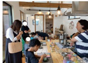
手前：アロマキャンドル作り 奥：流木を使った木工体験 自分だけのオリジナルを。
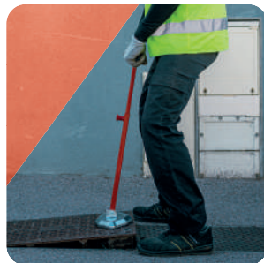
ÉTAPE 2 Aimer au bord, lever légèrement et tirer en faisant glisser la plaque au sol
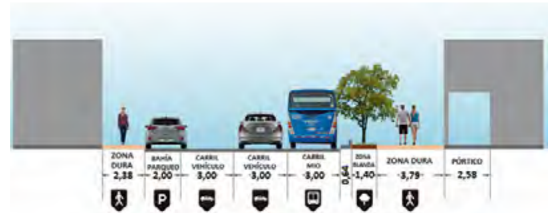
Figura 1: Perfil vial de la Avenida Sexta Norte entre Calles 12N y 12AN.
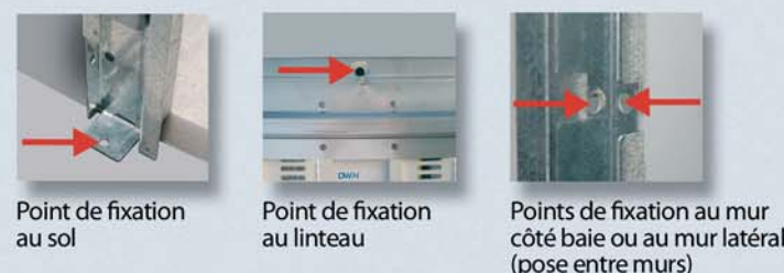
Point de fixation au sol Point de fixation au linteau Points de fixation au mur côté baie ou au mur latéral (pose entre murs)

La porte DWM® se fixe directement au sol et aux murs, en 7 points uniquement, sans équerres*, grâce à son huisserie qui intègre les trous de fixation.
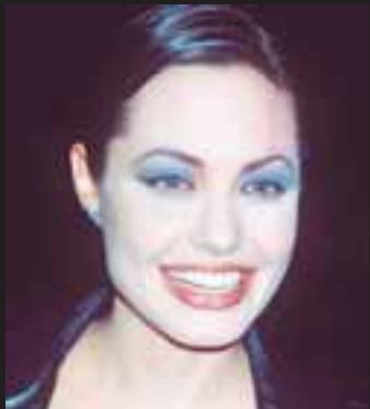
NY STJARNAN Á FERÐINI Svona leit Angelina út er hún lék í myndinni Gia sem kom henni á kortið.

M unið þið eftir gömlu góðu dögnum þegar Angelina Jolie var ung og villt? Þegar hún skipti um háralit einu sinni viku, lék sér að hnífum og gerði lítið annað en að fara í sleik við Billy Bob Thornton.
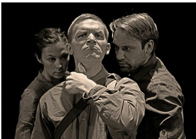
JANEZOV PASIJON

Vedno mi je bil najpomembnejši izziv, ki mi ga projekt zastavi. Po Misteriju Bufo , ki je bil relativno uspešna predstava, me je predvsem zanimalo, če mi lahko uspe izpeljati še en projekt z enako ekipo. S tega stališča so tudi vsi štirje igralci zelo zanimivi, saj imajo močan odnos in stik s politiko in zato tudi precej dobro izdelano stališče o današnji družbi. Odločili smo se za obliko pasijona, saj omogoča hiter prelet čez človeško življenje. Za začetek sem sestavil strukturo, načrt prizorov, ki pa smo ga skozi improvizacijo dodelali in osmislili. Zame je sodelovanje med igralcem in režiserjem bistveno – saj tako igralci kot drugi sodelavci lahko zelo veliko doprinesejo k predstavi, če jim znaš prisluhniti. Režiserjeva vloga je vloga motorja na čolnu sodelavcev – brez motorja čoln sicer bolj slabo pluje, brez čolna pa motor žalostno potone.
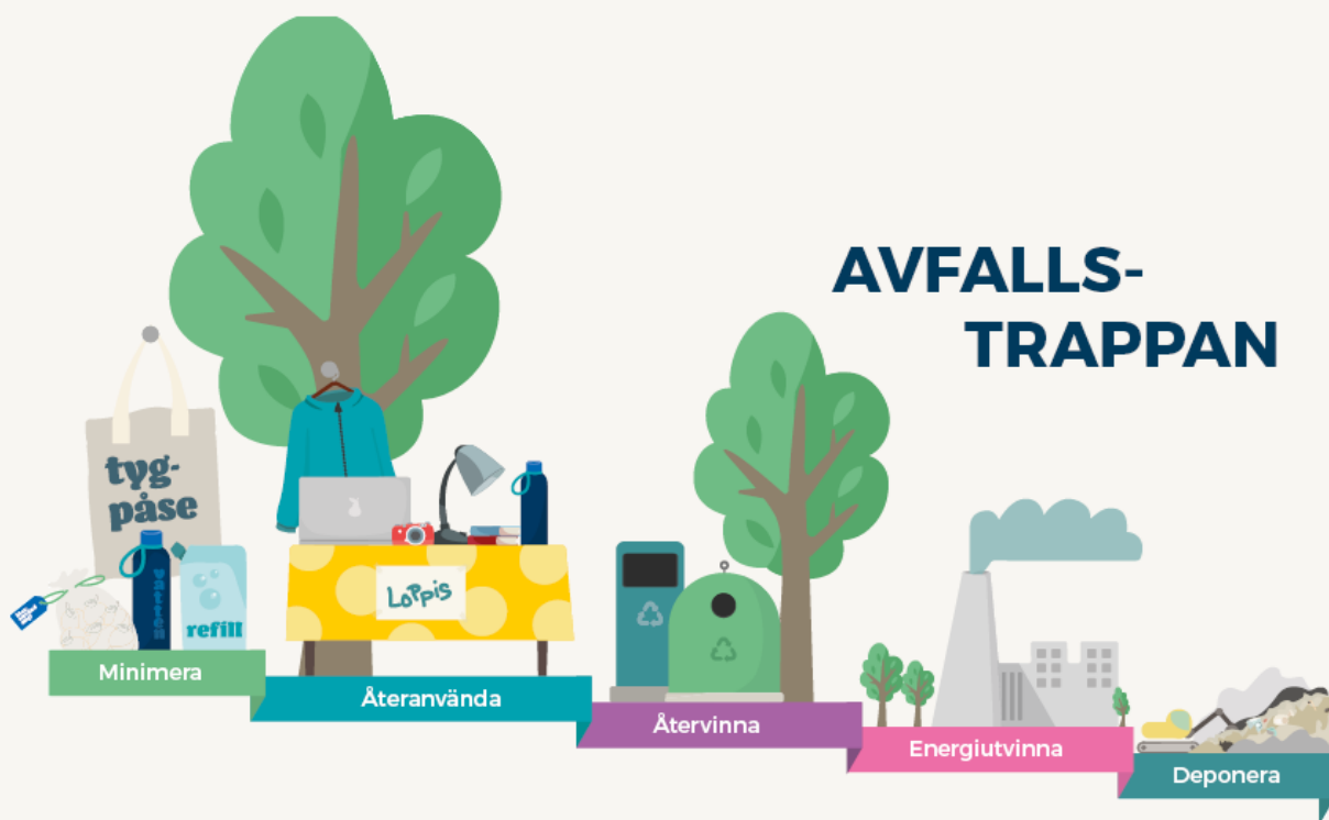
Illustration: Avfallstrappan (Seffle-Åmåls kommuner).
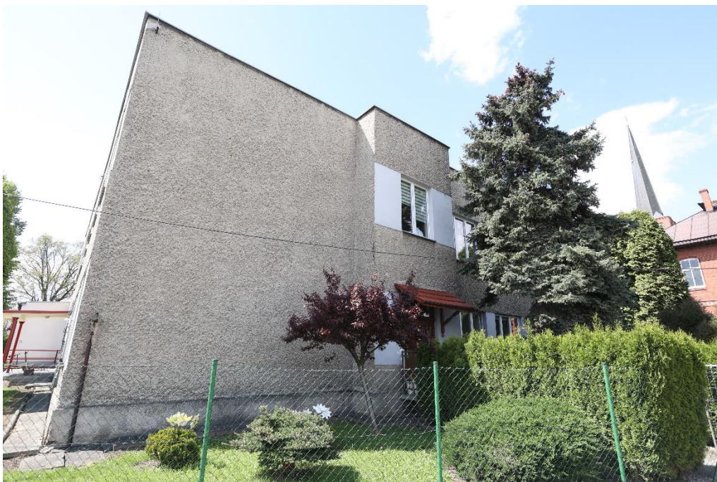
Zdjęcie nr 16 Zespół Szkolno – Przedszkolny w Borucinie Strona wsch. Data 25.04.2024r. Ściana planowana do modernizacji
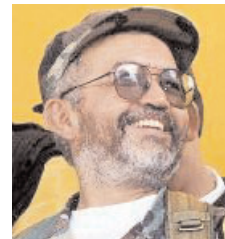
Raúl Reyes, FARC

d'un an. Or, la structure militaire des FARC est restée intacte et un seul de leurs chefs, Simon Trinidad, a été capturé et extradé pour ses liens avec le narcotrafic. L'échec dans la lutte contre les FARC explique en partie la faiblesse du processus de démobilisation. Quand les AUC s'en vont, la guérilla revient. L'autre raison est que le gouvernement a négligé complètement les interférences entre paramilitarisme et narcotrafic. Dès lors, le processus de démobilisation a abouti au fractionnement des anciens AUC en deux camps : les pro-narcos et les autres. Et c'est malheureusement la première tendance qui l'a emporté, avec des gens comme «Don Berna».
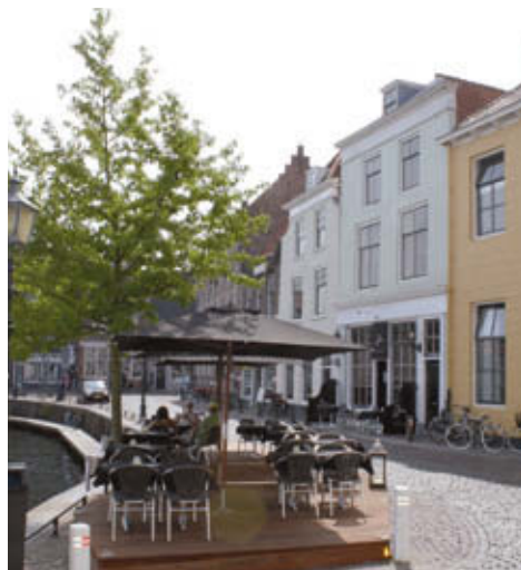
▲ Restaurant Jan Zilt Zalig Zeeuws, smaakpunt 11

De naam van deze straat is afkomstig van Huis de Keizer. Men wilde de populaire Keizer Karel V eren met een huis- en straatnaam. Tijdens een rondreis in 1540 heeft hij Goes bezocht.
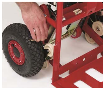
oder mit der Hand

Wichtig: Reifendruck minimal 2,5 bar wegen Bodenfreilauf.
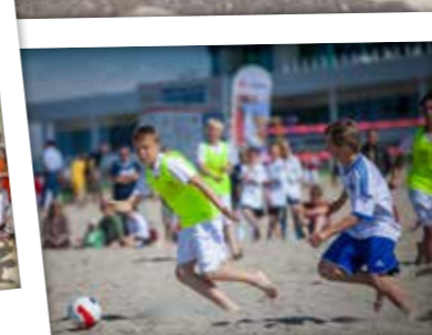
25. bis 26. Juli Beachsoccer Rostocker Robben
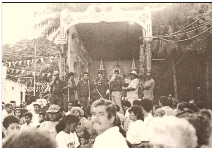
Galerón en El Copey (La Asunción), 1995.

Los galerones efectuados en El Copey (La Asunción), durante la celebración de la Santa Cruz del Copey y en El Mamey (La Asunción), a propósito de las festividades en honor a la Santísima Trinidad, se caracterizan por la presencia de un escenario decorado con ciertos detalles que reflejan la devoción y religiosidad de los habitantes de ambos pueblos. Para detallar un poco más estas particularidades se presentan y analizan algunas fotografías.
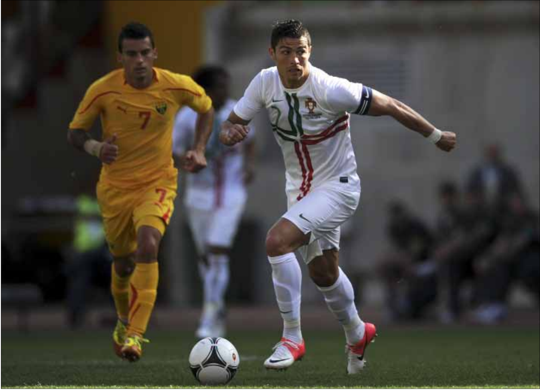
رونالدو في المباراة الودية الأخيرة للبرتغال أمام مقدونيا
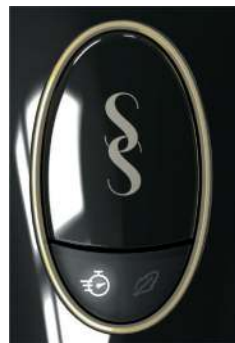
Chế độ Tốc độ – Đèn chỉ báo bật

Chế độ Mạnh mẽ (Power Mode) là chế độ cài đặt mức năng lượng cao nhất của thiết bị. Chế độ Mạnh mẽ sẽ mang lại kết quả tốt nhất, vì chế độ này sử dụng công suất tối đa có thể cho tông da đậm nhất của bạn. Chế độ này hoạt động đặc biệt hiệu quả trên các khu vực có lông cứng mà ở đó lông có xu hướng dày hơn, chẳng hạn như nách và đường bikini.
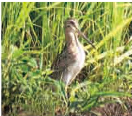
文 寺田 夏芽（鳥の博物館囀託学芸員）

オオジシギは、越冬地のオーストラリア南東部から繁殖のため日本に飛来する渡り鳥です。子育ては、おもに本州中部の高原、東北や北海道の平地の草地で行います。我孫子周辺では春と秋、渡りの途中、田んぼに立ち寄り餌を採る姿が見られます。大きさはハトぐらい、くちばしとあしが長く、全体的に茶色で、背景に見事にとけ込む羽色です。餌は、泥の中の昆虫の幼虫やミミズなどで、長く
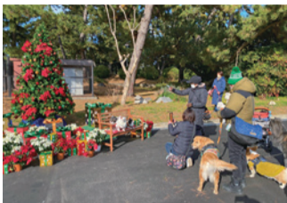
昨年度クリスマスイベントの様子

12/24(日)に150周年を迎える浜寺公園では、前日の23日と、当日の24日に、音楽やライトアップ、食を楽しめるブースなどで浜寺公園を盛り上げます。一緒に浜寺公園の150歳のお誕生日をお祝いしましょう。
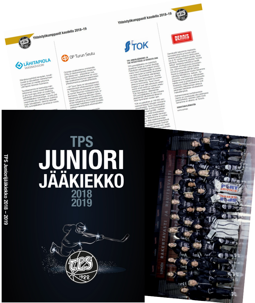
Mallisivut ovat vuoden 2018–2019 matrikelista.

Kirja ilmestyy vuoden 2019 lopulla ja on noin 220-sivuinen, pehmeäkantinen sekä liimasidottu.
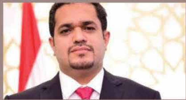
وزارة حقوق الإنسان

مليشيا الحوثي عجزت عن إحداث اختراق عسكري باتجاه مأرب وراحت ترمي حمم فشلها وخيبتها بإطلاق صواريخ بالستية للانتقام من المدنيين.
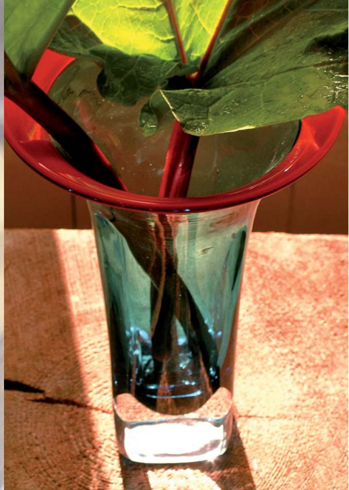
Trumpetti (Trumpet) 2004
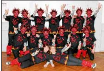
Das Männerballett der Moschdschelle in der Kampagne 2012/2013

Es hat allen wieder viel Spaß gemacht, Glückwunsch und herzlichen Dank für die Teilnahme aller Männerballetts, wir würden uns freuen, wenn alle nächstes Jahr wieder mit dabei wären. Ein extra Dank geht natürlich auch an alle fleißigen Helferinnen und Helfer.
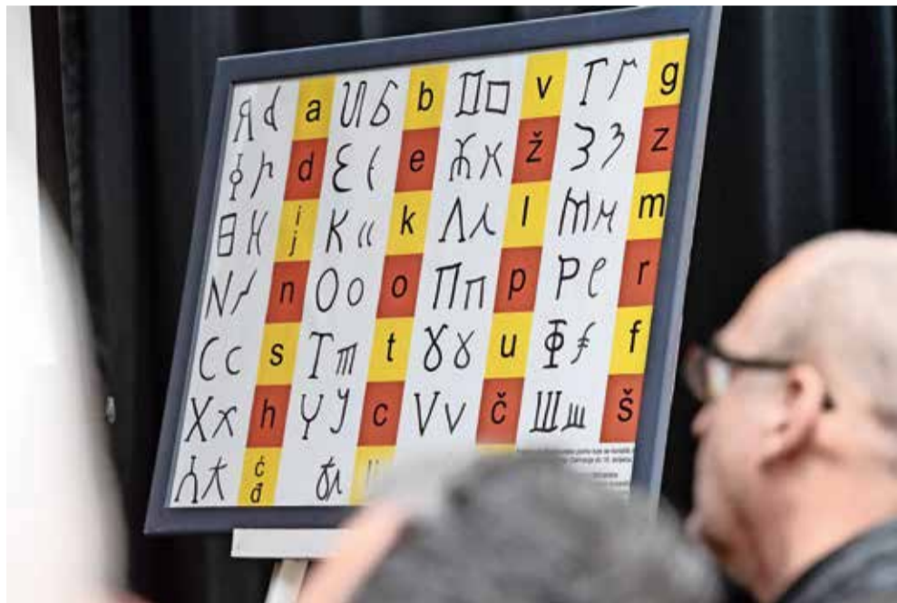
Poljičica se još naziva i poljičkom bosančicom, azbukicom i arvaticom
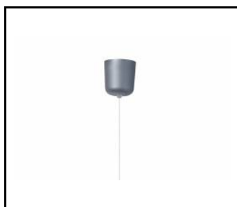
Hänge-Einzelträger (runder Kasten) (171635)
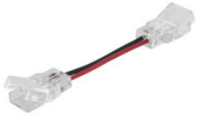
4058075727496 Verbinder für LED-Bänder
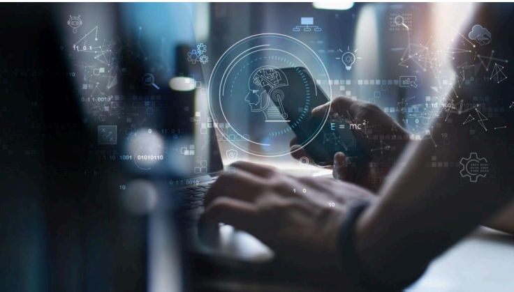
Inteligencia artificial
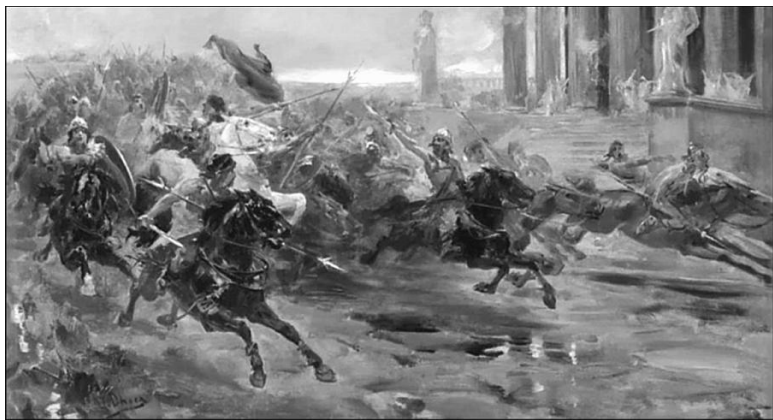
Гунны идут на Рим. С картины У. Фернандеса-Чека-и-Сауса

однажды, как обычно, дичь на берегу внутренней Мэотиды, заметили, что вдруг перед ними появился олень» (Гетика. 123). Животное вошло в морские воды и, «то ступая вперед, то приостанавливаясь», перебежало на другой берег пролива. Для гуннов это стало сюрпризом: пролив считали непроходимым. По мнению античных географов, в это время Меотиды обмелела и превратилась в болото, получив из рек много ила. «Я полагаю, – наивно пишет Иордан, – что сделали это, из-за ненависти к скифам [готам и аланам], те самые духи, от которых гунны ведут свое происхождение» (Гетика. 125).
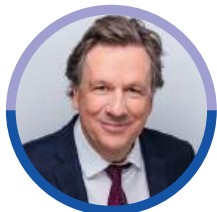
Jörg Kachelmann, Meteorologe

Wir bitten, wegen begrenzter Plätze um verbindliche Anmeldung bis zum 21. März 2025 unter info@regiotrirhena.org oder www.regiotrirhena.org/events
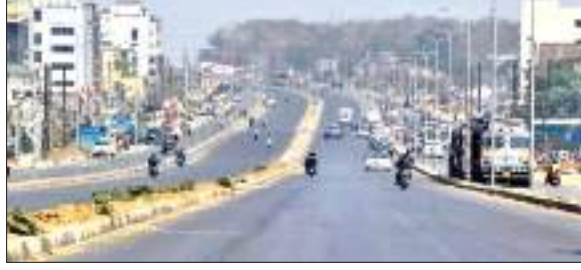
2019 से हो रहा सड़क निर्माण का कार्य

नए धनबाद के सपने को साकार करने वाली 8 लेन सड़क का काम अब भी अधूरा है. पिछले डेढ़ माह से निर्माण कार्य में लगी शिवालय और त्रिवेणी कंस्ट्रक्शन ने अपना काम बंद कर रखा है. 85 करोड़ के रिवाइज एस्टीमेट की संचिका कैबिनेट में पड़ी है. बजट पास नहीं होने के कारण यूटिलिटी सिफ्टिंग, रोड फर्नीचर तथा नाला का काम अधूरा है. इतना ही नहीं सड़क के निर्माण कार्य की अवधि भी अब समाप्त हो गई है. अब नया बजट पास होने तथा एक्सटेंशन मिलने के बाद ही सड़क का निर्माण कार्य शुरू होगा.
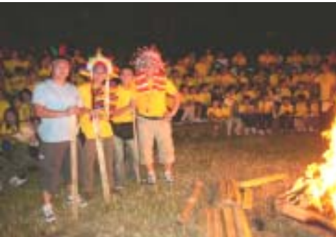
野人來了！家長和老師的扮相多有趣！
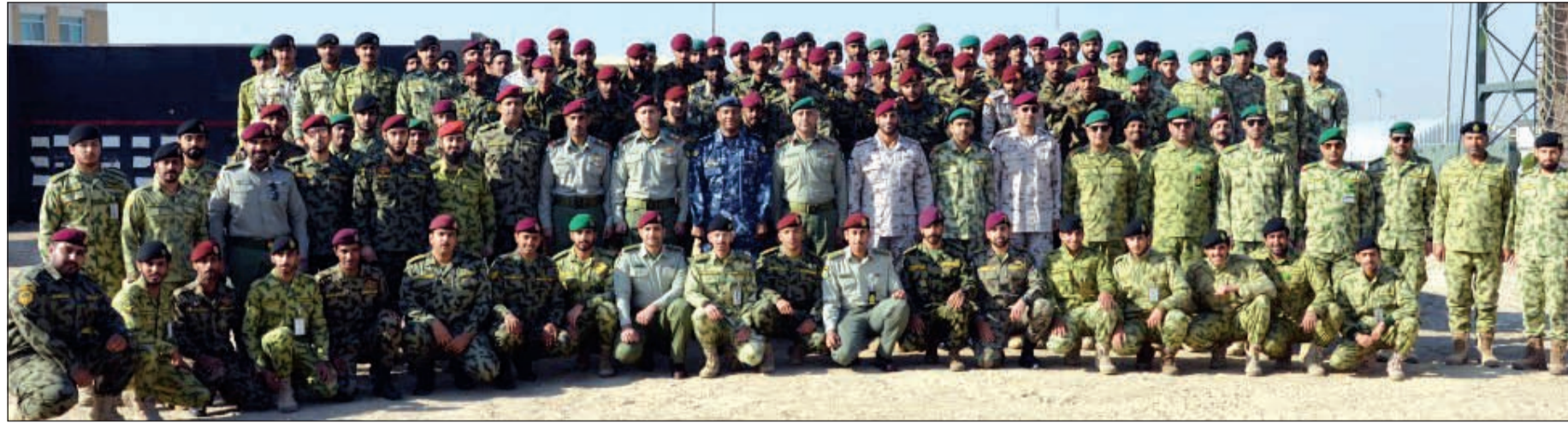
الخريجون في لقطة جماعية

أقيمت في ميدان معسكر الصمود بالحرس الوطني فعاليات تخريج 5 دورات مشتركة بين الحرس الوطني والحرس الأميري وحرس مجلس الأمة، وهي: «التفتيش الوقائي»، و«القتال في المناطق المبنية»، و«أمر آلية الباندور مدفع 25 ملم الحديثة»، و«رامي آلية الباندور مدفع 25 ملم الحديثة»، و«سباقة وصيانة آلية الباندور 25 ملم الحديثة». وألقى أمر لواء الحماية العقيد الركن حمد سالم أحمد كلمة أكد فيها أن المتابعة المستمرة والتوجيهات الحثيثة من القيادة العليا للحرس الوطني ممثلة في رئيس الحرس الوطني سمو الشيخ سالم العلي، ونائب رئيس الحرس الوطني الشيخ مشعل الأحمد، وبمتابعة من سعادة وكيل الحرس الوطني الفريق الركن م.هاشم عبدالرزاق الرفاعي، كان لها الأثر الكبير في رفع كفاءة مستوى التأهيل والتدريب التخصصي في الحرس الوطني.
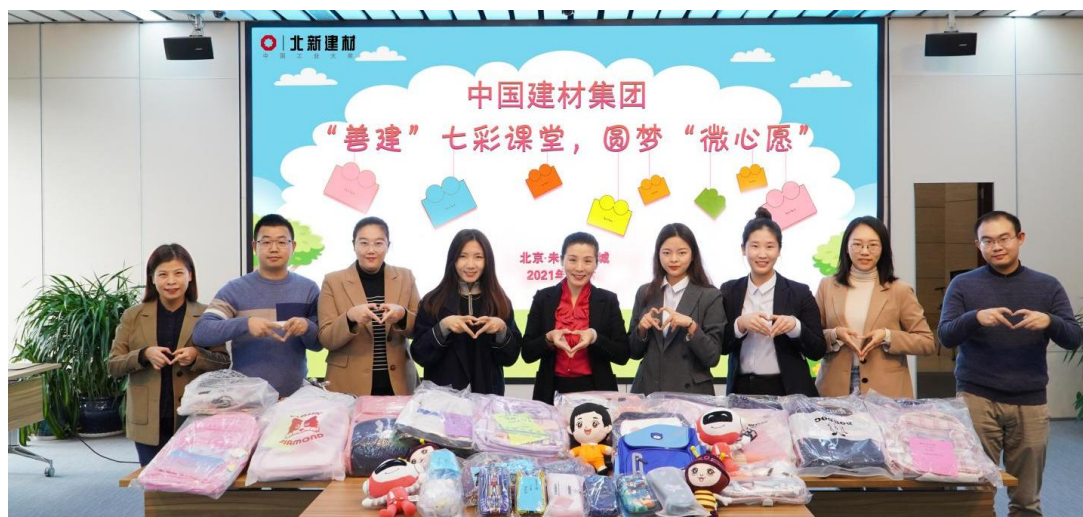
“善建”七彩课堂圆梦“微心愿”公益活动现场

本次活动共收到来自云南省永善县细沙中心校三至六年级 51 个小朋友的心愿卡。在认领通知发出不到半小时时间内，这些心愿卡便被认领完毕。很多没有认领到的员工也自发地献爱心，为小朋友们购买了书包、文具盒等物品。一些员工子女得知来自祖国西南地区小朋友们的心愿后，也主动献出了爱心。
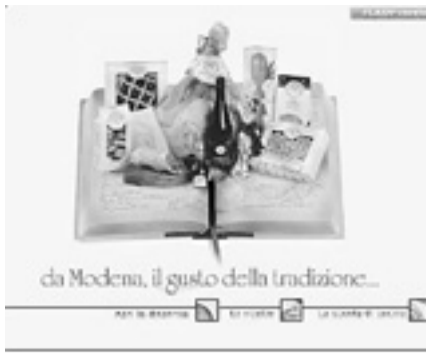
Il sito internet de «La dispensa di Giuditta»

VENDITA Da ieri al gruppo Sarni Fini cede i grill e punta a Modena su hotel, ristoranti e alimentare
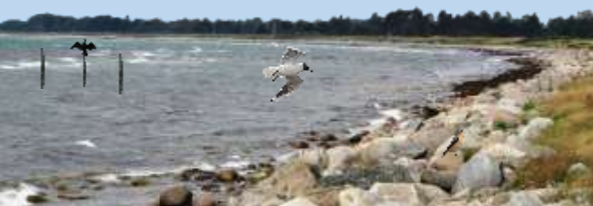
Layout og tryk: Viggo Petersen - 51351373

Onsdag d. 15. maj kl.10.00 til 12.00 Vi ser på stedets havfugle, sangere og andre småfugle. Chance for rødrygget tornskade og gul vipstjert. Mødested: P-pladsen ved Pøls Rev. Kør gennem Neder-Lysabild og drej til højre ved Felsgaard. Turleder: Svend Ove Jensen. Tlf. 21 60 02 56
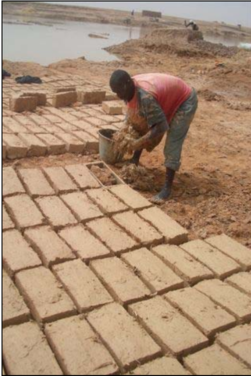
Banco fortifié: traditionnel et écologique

* * * *

WORK TO COMPLETE
Determine how many lines of the data above contain the string "Asunción", and answer with the number only.

WORKED SOLUTION
2